While it has become easier and easier for developers to internationalize their products in this way, rarely does anybody do it completely right the first time. And, while there are techniques for ensuring that the product has been properly internationalized, most companies new to localization will probably not devote resources to them. So, what we’ve seen time and again is this process:

  • the resource files go out for translation and come back in
  • we rebuild the product and perform QA
  • we find, in the middle of an otherwise translated screen, untranslated strings
  • we take a screenshot, as in Figure 2, and submit it as a bug
Figure 2

Figure 2

I. Did the translator miss them (or choose to skip them)?

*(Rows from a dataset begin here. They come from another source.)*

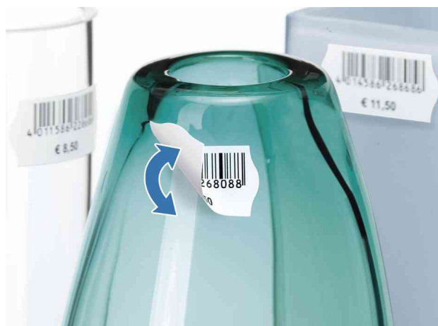
Preis-Etiketten SPECIAL, Anwendung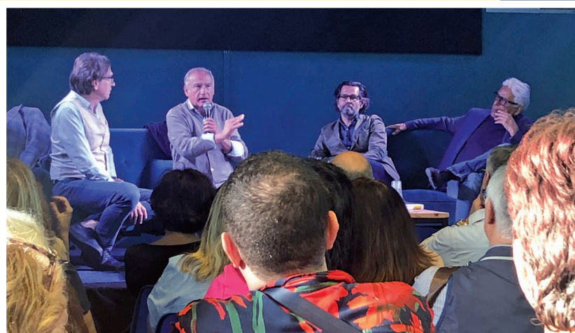
19 maggio - Festa del Libro e della Lettura Piero Marrazzo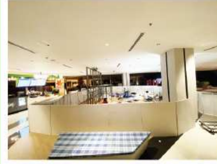
商業施設の深夜作業もバッチリ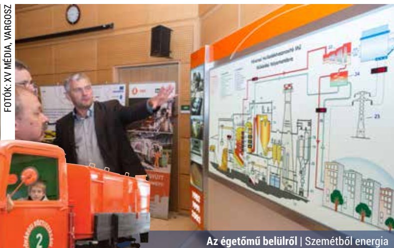
Az égetőmű belülről | Szemétből energia

Két Szemléletformáló és Újrahasználati Központ épül uniós forrásból a fővárosban, az egyik a Fővárosi Közterület-fenntartó (FKF) Zrt. égisze alatt működő rákospalotai hulladékhasznosító mű (HUHA) területén, a másik a XVIII. kerületben.

This is the first question to ask, because you can usually answer it by examining the translated resource file and discussing your findings with the translator. So, you open the file in a simple text editor and search for each English string, thereby finding GROUPBOX “좌표(Windows 픽셀)”,IDC_STATIC,59,83,120,45 and LTEXT “이 확인란을 사용하면 PixelsPerRow/PixelsPerCol에서 계산된 (the strings circled in green above). You contact the translator and learn that:

  • Windows” is still in English because the translator assumed that it refers to the operating system;
  • PixelsPerRow/PixelsPerCol” is still in English because most localization translators know that multiple words without a break are usually a single technical term.

So, while the translator did not miss any of these strings, s/he correctly chose to leave them in English. (Your translators should already know this, by the way, either because you told them, or because they’re familiar with your product.)

However, you cannot find the other untranslated strings in the resource file, so you move to the next question.

II. Are they meant to remain that way?

Some strings are meant not to be translated, and so have deliberately not been externalized to resource files. The string may be a literal, which the code expects to find exactly as is. In the example “winntsystem”, if “system” were to be translated, the software would probably not recognize the path, and malfunction. Or, if your users are software developers or system administrators, for instance, they may be accustomed to certain English terms, such that there is no point in translating them.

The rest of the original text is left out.